Department of Pharmaceutical Chemistry , University of Vienna , UZA 2, Althanstrasse 14 , 1090 Vienna , Austria.
Department of Pharmacy and Biotechnology , Alma Mater Studiorum-Università di Bologna , via Belmeloro 6 , I-40126 Bologna , Italy.
J Chem Inf Model. 2019 Jan 28;59(1):535-549. doi: 10.1021/acs.jcim.8b00614. Epub 2018 Dec 13.
Computational approaches currently assist medicinal chemistry through the entire drug discovery pipeline. However, while several computational tools and strategies are available to predict binding affinity, predicting the drug-target binding kinetics is still a matter of ongoing research. Here, we challenge scaled molecular dynamics simulations to assess the off-rates for a series of structurally diverse inhibitors of the heat shock protein 90 (Hsp90) covering 3 orders of magnitude in their experimental residence times.

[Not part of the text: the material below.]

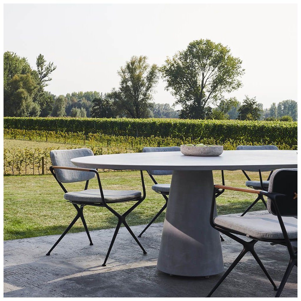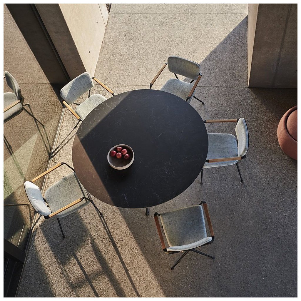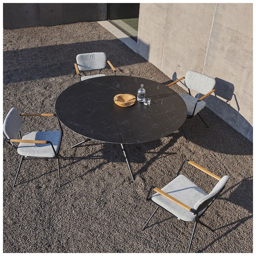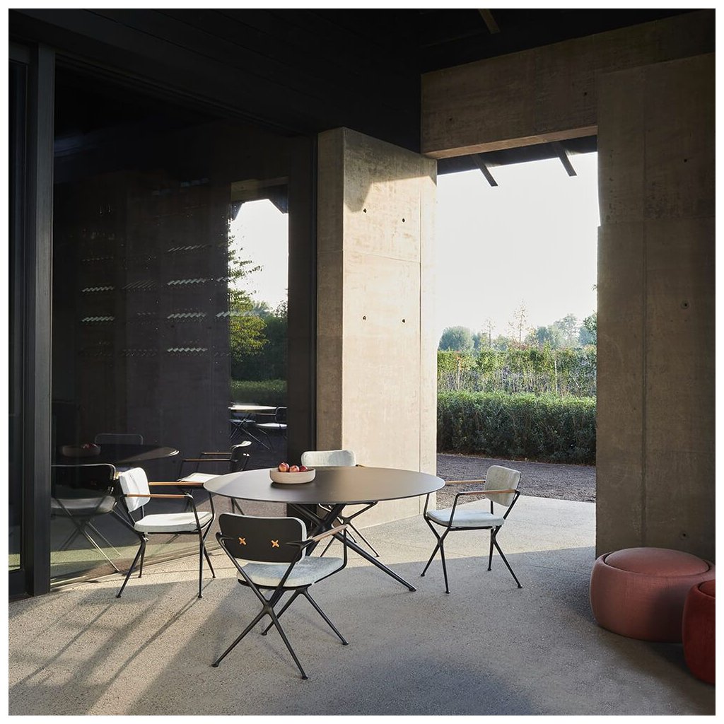 Jaký lepší název vymyslet pro židli ze dvou rámů ve tvaru písmene X, která nabízí více pohodlí a stylu než ... Ex!Hladké organické linie rámu z litého hliníku přerušují pouze zkosené područky z teakového dřeva, které jsou hřejivým designovým prvkem. Bezproblémová integrovaná zakřivená deska opěradla má dva otvory ve tvaru písmene X. Slouží nejen jako estetický prvek, ale také jako upevňovací body pro polštář opěradla. Připevňují se pomocí knoflíků ve tvaru X, které mají standardní barvu rámu. Jako volitelné příslušenství jsou nabízeny také tykové, které lze sladit s područkami. Ty činí židli Exes ještě atraktivnější.

The derived computational predictions are in overall good agreement with experimental data. Aside from the estimation of exit times, unbinding pathways were assessed through dimensionality reduction techniques. The data analysis framework proposed in this work could lead to better understanding of the mechanistic aspects related to the observed kinetic behavior.
计算方法目前在整个药物发现过程中为药物化学提供辅助。然而,尽管有几种计算工具和策略可用于预测结合亲和力,但预测药物-靶标结合动力学仍然是一个正在研究的问题。在这里,我们挑战大规模分子动力学模拟来评估一系列结构多样的热休克蛋白 90(Hsp90)抑制剂的解吸率,这些抑制剂在其实验停留时间上跨越了 3 个数量级。所得的计算预测与实验数据总体上吻合良好。除了估计退出时间外,还通过降维技术评估了非结合途径。这项工作中提出的数据分析框架可以帮助更好地理解与观察到的动力学行为相关的机制方面。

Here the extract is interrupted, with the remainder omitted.